• _Instructions to follow_: Starting from the line with "The ultimate in" and going up to and including the line with "1.모드 다이얼을 돌려 장면 촬영 모드를 선택", copy the listing below exactly. Leave all images out.

• _Materials provided_:

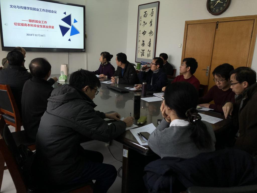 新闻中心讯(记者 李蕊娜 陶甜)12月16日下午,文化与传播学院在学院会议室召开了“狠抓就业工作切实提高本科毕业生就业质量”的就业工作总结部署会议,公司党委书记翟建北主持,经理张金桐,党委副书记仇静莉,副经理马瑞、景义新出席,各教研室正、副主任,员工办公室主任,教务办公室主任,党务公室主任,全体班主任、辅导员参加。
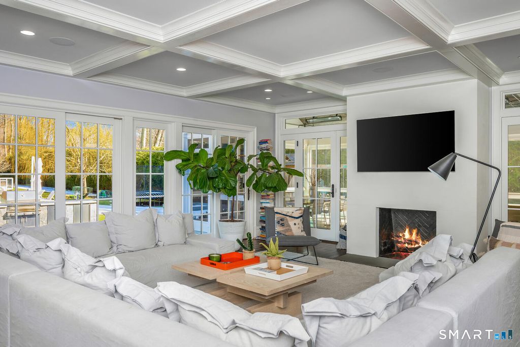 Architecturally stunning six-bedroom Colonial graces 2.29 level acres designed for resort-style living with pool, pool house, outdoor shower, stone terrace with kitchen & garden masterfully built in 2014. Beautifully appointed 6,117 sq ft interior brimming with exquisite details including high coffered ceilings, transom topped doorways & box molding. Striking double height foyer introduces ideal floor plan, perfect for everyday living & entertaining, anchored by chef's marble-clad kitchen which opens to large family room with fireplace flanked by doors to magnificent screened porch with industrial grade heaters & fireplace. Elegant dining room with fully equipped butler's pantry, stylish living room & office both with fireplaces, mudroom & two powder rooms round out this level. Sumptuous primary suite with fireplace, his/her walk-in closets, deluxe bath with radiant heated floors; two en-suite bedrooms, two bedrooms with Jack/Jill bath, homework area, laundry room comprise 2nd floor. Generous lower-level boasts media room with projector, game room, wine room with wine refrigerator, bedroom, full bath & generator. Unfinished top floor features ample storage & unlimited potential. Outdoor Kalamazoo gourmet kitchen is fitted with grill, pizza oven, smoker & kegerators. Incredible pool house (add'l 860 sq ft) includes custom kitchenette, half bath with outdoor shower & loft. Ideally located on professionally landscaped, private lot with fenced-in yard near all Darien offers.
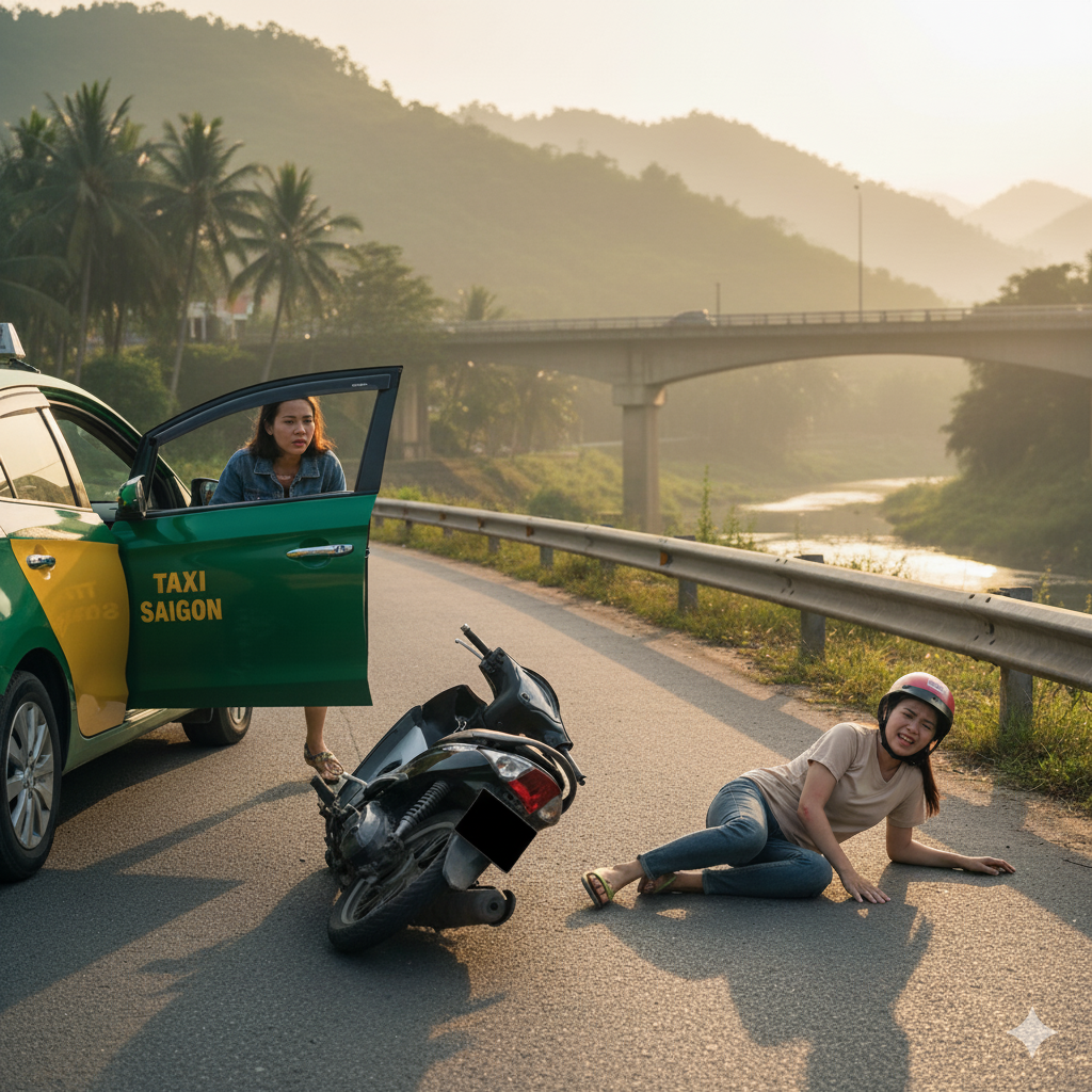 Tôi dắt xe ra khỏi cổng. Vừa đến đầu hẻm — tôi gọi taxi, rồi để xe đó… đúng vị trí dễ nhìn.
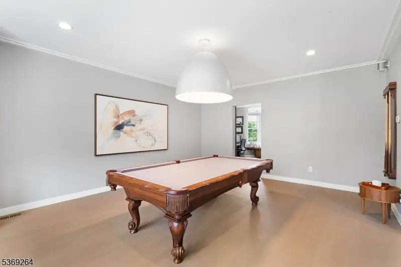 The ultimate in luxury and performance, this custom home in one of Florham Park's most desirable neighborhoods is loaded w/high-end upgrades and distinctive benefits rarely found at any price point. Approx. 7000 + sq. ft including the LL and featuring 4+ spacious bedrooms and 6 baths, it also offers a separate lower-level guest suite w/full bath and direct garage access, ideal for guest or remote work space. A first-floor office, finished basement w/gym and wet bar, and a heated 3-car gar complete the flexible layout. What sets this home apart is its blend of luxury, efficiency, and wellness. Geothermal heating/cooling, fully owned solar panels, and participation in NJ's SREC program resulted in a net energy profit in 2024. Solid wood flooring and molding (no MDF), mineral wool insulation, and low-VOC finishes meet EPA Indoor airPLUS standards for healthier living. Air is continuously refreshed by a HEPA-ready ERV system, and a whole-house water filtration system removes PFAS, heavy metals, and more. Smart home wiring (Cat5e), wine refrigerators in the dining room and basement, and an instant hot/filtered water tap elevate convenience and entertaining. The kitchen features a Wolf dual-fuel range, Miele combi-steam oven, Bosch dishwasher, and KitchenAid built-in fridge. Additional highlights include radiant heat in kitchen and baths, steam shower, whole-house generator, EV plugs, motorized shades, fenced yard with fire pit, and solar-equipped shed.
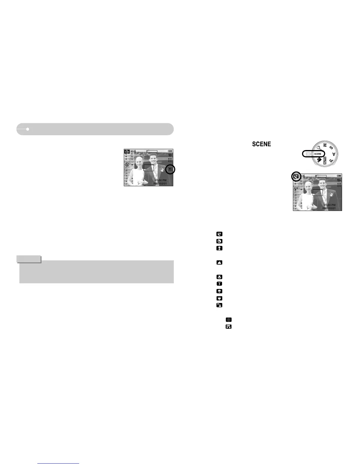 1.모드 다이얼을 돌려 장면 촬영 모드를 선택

---

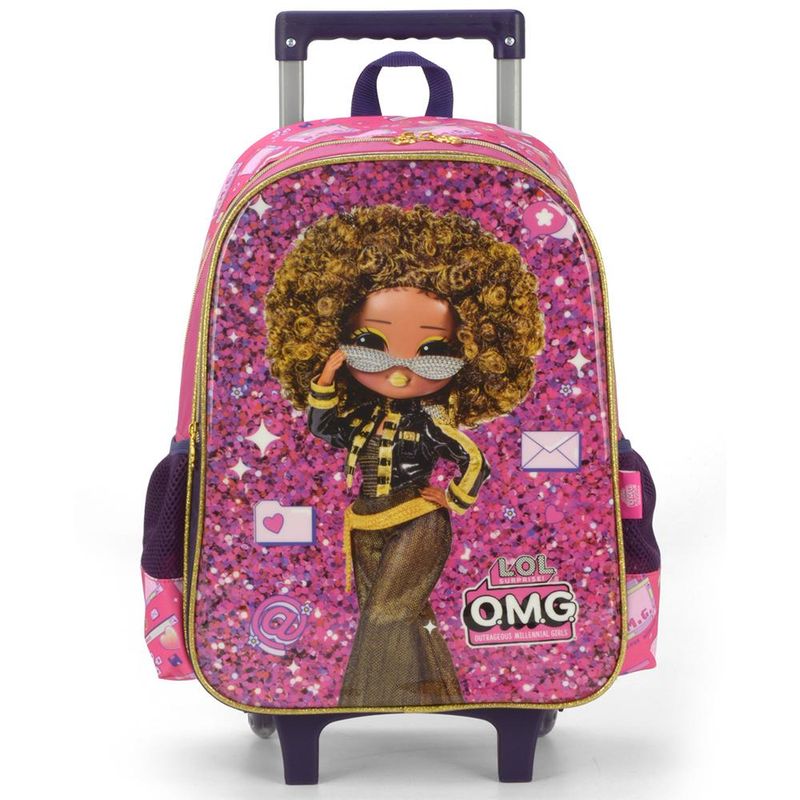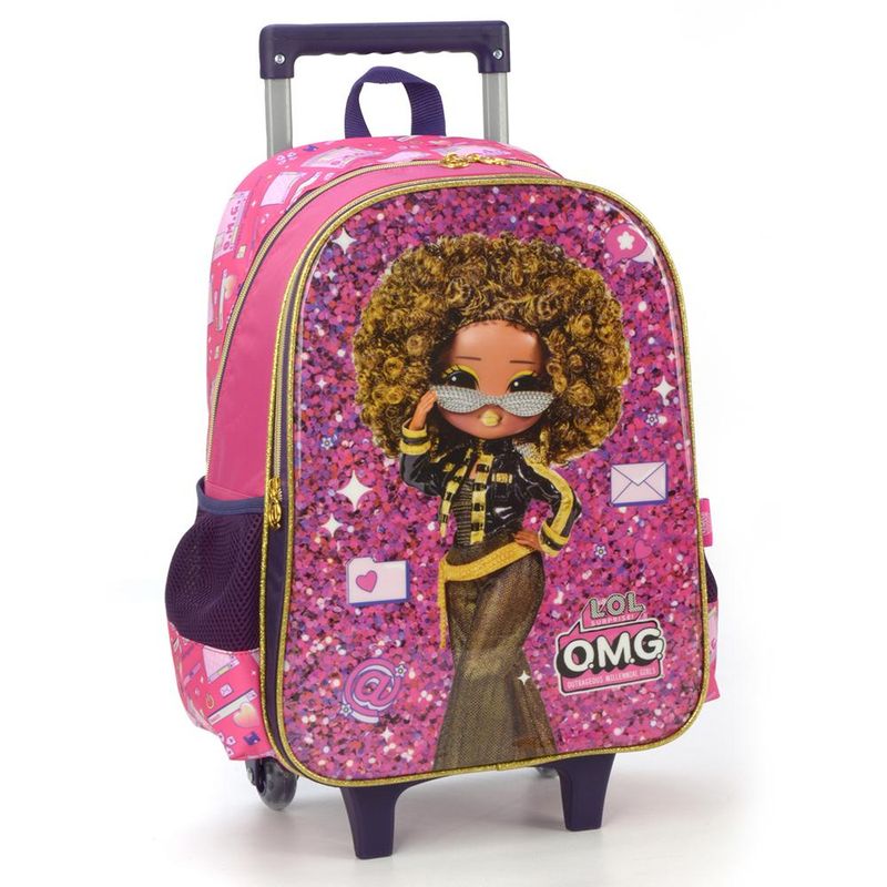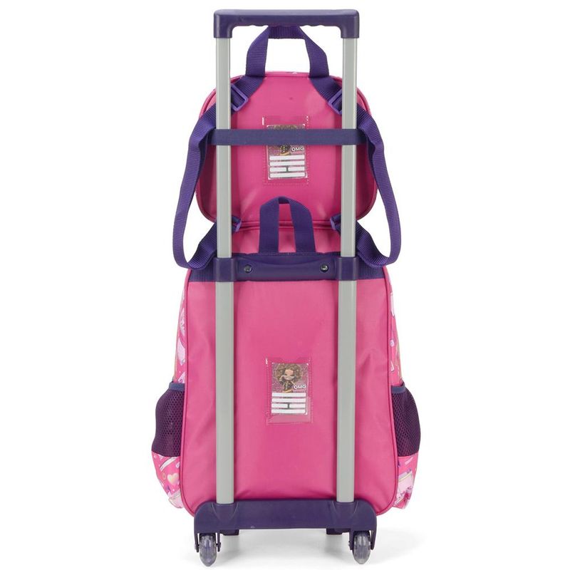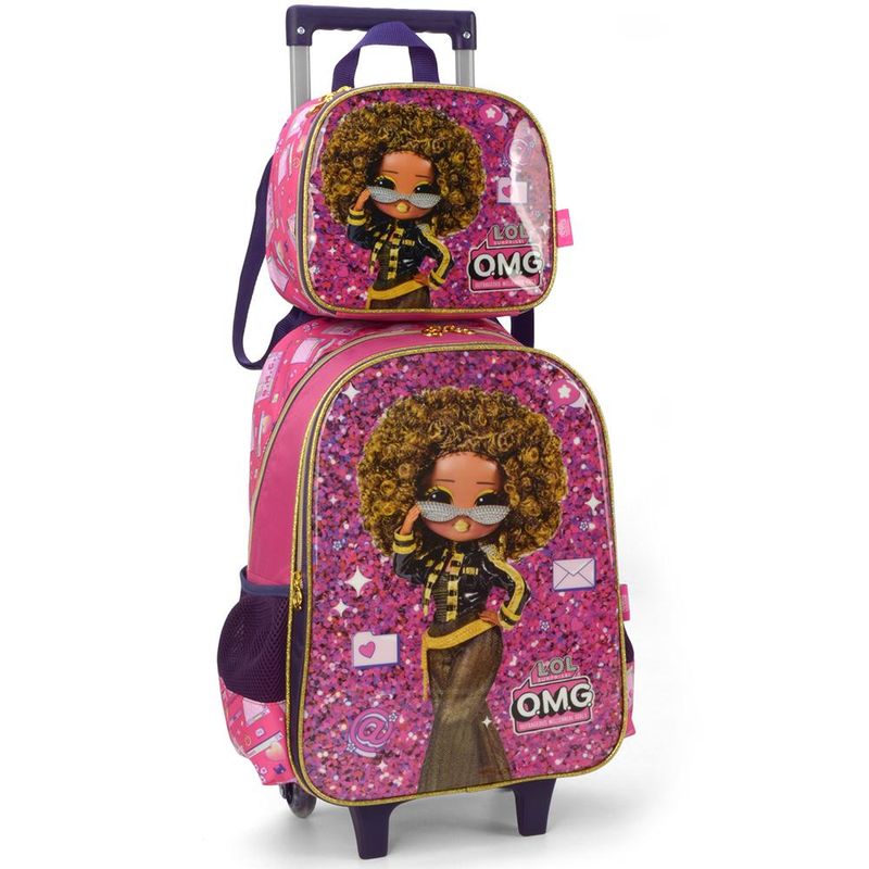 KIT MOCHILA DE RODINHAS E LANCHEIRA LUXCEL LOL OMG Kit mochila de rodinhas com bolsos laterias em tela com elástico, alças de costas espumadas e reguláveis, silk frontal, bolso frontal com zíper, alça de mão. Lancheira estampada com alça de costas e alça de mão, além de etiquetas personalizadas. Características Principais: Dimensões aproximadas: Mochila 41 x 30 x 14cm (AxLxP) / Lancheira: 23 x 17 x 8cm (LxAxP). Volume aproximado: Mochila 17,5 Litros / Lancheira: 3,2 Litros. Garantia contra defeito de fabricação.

• _Task response_:
 The ultimate in luxury and performance, this custom home in one of Florham Park's most desirable neighborhoods is loaded w/high-end upgrades and distinctive benefits rarely found at any price point. Approx. 7000 + sq. ft including the LL and featuring 4+ spacious bedrooms and 6 baths, it also offers a separate lower-level guest suite w/full bath and direct garage access, ideal for guest or remote work space. A first-floor office, finished basement w/gym and wet bar, and a heated 3-car gar complete the flexible layout. What sets this home apart is its blend of luxury, efficiency, and wellness. Geothermal heating/cooling, fully owned solar panels, and participation in NJ's SREC program resulted in a net energy profit in 2024. Solid wood flooring and molding (no MDF), mineral wool insulation, and low-VOC finishes meet EPA Indoor airPLUS standards for healthier living. Air is continuously refreshed by a HEPA-ready ERV system, and a whole-house water filtration system removes PFAS, heavy metals, and more. Smart home wiring (Cat5e), wine refrigerators in the dining room and basement, and an instant hot/filtered water tap elevate convenience and entertaining. The kitchen features a Wolf dual-fuel range, Miele combi-steam oven, Bosch dishwasher, and KitchenAid built-in fridge. Additional highlights include radiant heat in kitchen and baths, steam shower, whole-house generator, EV plugs, motorized shades, fenced yard with fire pit, and solar-equipped shed.
 1.모드 다이얼을 돌려 장면 촬영 모드를 선택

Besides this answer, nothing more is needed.